Pictures are to be left out. Copy exactly, and only, the lines from the start of the entries below to the line with "4年生が、理科の学習で育て観", both included.
MATERIAL FOR THIS EXERCISE section start
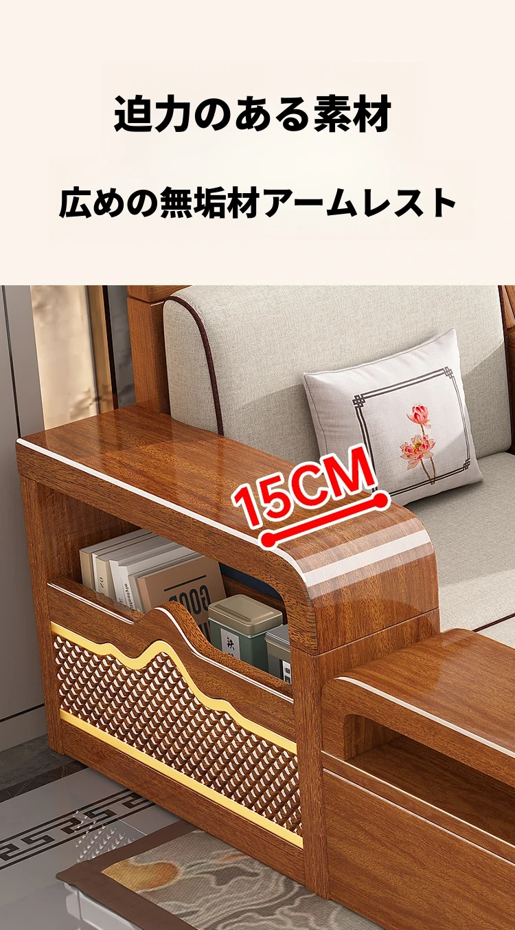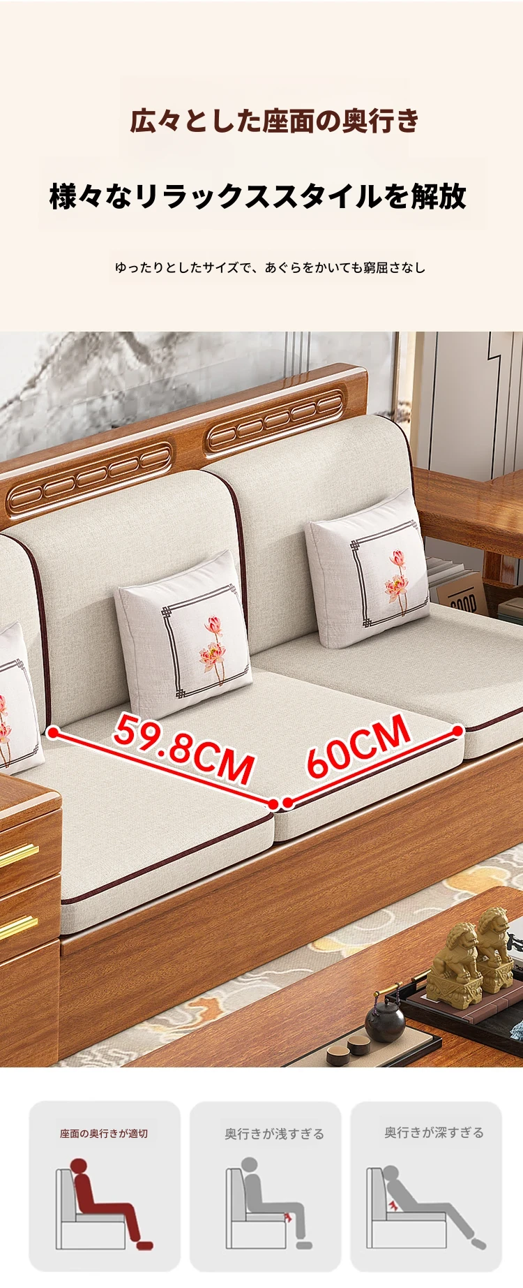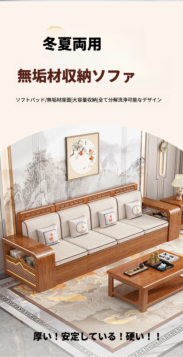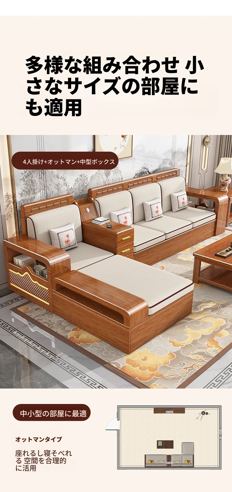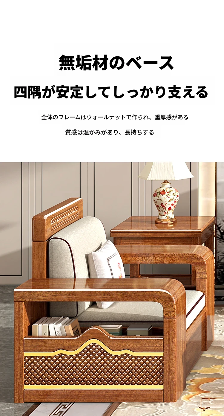 モダンシンプルな無垢材ソファ|ナチュラルなウォールナット色のコンパクト3人掛け・4人掛け組み合わせソファ|小さなリビングにもぴったり!快適な座り心地でおしゃれな空間を演出します。
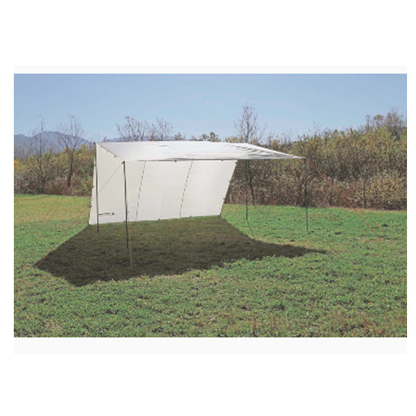 ポールを2本使用し、両サイドを下げてロープでテンションを掛ければウイングタープのように使えます。
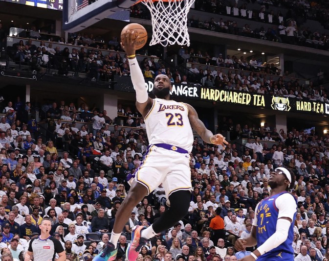 詹姆斯19分&逆天压哨三分,半场湖人60-57领先掘金
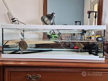 Vendo acquario tartarughiera completa di filtro riscaldatore lampada ai vapori di mercurio pompa per cambio acqua e altri accessori che non sono presenti in foto, tutto compreso di tartarughe 150 euro poco trattabile.
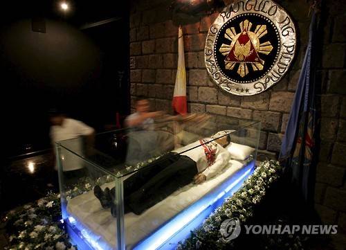epa05636222 (FILE) A file picture dated 11 September 2005 shows a worker wipeing the glass crypt containing the body of late dictator Ferdinand E. Marcos before a commemoration ceremony on his 88th birthday at the mausoleum in Batac, Ilocos Norte northern Philippines. Marcos died on 28 September 1989, in Hawaii, USA, after being forced out of the Malacanang presidential palace by the civilian-backed military uprising in 1986. His burial was held on 18 November 2016, at the Heroes' Cemetery in Manila, ten days after the Supreme Court authorized his funeral. Marcos's body, which was kept in a mausoleum in the north of the country, was flown to Manila without the authorities announcing the event, media reported. Many Filipinos protested his burial over his alleged responsibility for thousands of executions, tortures and disappearances during his regime. EPA/DENNIS M. SABANGAN
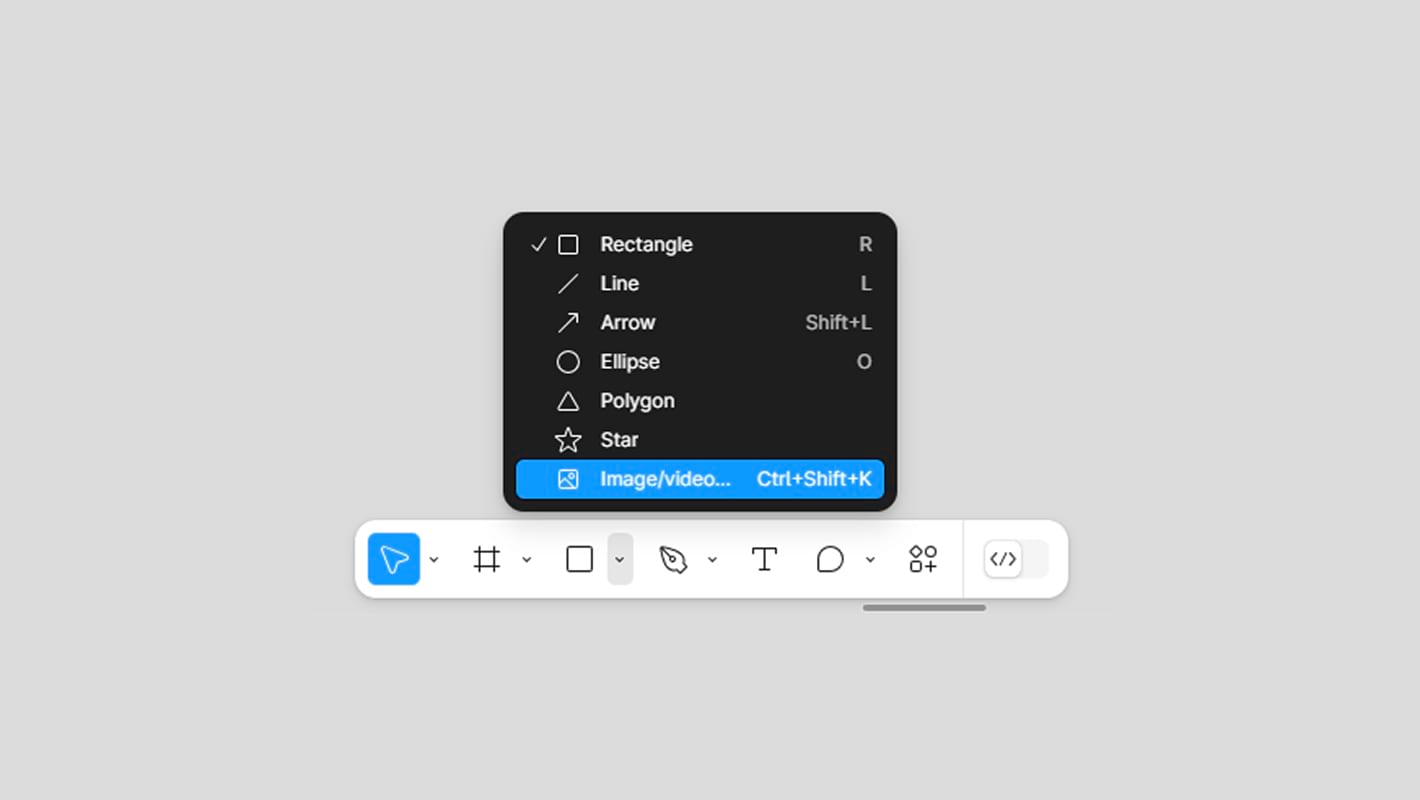 Можно воспользоваться нижней панелью инструментов: вызвать контекстное меню рядом с иконкой квадрата и выбрать последний пункт Image/Video. Так вы откроете окно для выбора изображения. Это же действие удастся выполнить горячими клавишами Ctrl + Shift + K.
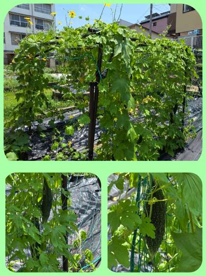 4年生が、理科の学習で育て観察しているゴーヤです。 太陽の光を浴びて、大きく実っています。
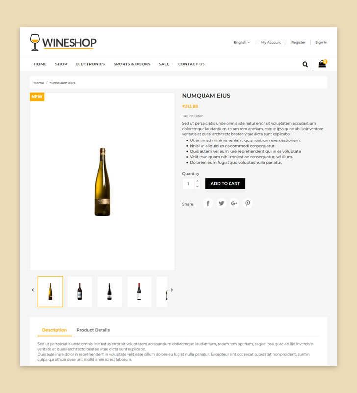 A professionally design Mega menu let you navigate customer easily. Quick Add to Cart provide smooth shopping experience. Easy to convey your product features with Product Tab. Scroll to Top creates happy browsing experience. Promote your new product with Newsletter Popup. Increase your Social share with Social Sharing Tool. WineShop truly designed to drive your sales.
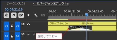 ②読み込んだプロジェクトのビデオトラックのトランジションを選択し、メニューの「編集」→「コピー」(ショートカットキー;Ctrl+C)を選択します。
MATERIAL FOR THIS EXERCISE section end
_ANSWER TO THE PROBLEM_
 モダンシンプルな無垢材ソファ|ナチュラルなウォールナット色のコンパクト3人掛け・4人掛け組み合わせソファ|小さなリビングにもぴったり!快適な座り心地でおしゃれな空間を演出します。
 ポールを2本使用し、両サイドを下げてロープでテンションを掛ければウイングタープのように使えます。
 詹姆斯19分&逆天压哨三分,半场湖人60-57领先掘金
 Vendo acquario tartarughiera completa di filtro riscaldatore lampada ai vapori di mercurio pompa per cambio acqua e altri accessori che non sono presenti in foto, tutto compreso di tartarughe 150 euro poco trattabile.
epa05636222 (FILE) A file picture dated 11 September 2005 shows a worker wipeing the glass crypt containing the body of late dictator Ferdinand E. Marcos before a commemoration ceremony on his 88th birthday at the mausoleum in Batac, Ilocos Norte northern Philippines. Marcos died on 28 September 1989, in Hawaii, USA, after being forced out of the Malacanang presidential palace by the civilian-backed military uprising in 1986. His burial was held on 18 November 2016, at the Heroes' Cemetery in Manila, ten days after the Supreme Court authorized his funeral. Marcos's body, which was kept in a mausoleum in the north of the country, was flown to Manila without the authorities announcing the event, media reported. Many Filipinos protested his burial over his alleged responsibility for thousands of executions, tortures and disappearances during his regime. EPA/DENNIS M. SABANGAN
 Можно воспользоваться нижней панелью инструментов: вызвать контекстное меню рядом с иконкой квадрата и выбрать последний пункт Image/Video. Так вы откроете окно для выбора изображения. Это же действие удастся выполнить горячими клавишами Ctrl + Shift + K.
 4年生が、理科の学習で育て観察しているゴーヤです。 太陽の光を浴びて、大きく実っています。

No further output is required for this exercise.